Monday, July 30, 2007

Entitlement Spending Could Top 75% of Budget by 2030

Robert Samuelson notes that there is not enough talk about entitlement reform, either out of the Presidential candidates nor out of the think tanks. This is a problem, of course, because in about 23 years or so, entitlements could eat up 75 percent of the federal budget according to the Congressional Budget Office:
The aging of America is not just a population change or, as a budget problem, an accounting exercise. It involves a profound transformation of the nature of government: commitments to the older population are slowly overwhelming other public goals; the national government is becoming mainly an income-transfer mechanism from younger workers to older retirees.

Consider the outlook. From 2005 to 2030, the 65-and-over population will nearly double to 71 million; its share of the population will rise to 20 percent from 12 percent. Social Security, Medicare and Medicaid—programs that serve older people—already exceed 40 percent of the $2.7 trillion federal budget. By 2030, their share could hit 75 percent of the present budget, projects the Congressional Budget Office. The result: a political impasse.

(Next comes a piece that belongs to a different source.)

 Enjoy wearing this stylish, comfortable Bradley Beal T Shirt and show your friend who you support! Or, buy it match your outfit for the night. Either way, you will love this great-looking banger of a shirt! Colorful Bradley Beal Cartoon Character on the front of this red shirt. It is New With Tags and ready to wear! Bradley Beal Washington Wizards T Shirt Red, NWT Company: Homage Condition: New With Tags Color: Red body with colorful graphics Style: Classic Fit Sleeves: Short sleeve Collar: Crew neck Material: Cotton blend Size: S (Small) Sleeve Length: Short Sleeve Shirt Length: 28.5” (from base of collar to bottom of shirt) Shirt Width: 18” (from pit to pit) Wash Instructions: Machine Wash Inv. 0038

The 2030 projections are daunting. To keep federal spending stable as a share of the economy would mean eliminating all defense spending and most other domestic programs (for research, homeland security, the environment, etc.). To balance the budget with existing programs at their present economic shares would require, depending on assumptions, tax increases of 30 percent to 50 percent—or budget deficits could quadruple. A final possibility: cut retirement benefits by increasing eligibility ages, being less generous to wealthier retirees or trimming all payments.
It is no wonder that politicians are so quite, none of the current solutions offer any political cover and political cover is what politicians want more than anything else.

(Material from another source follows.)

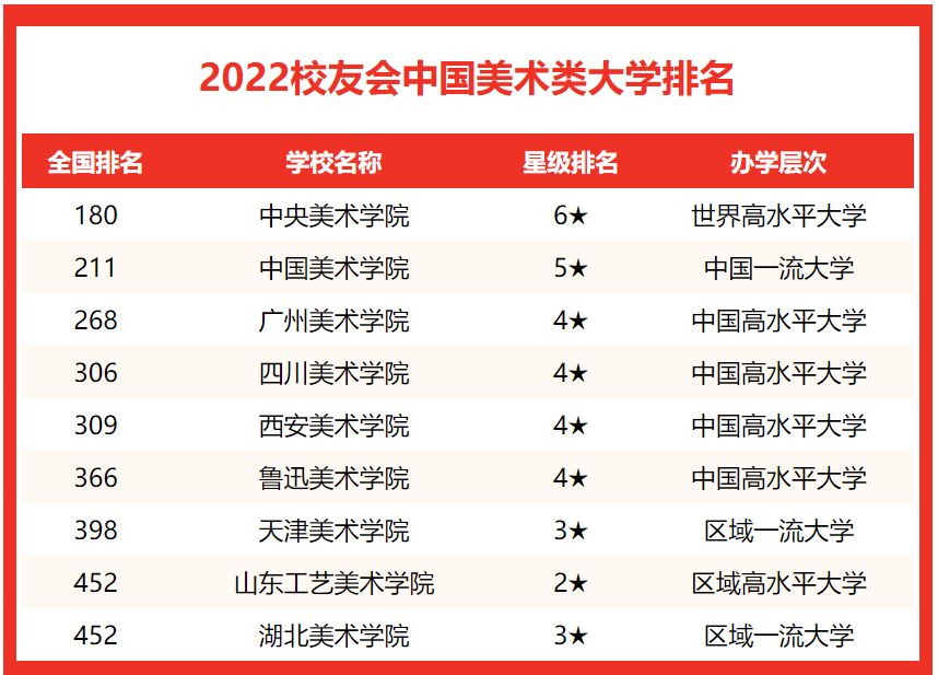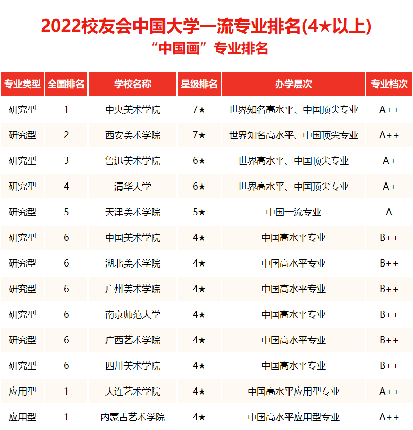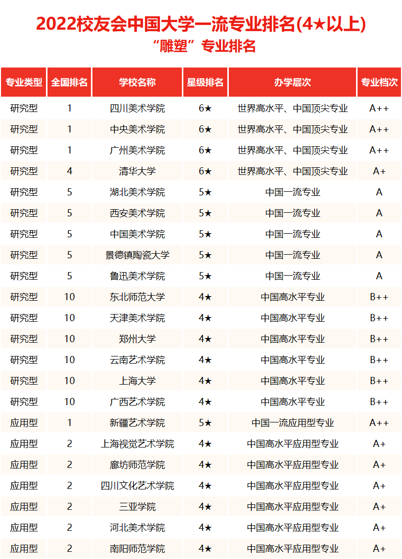 另外,校友会还将开设美术学类和设计学类一流专业的大学分别进行了排名。在雕塑、书法学、环境设计、数字媒体艺术、中国画、美术学、产品设计、艺术与科技8个专业的排名中,这些大学上榜!有你中意的学校吗?

Samuelson posits an idea to get the think tanks to at least put pen to paper--a proposal that may not have legs.

Simply put, our political leaders are going to have to make some changes. The problem is that those changes will likely be late in coming because Congress has little ability to deal effectively with problems of the future, despite being paid to do so.

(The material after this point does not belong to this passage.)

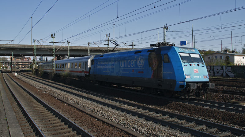 | Ohne Lokvorschau isses halt eine Überraschung, so war die "Unicef" 101 016-4 mit einem IC gen Bremen unterwegs zu sehen. Hamburg Harburg, 22. April 2008 | ||

The problem that we as a nation face is that none of the above mentioned proposals are that appealing. So far, the dilemma has been posited as:
  1. Raise Taxes
  2. Cut Benefits (including raising eligibility rates, which is cutting benefits entirely to individuals ofa certain age)
  3. a combination of the two (which is far more likely right now)
But must we be wed to these concepts? Are there other alternatives?

If there are any alternatives, I have not heard of any. I would like to hear some.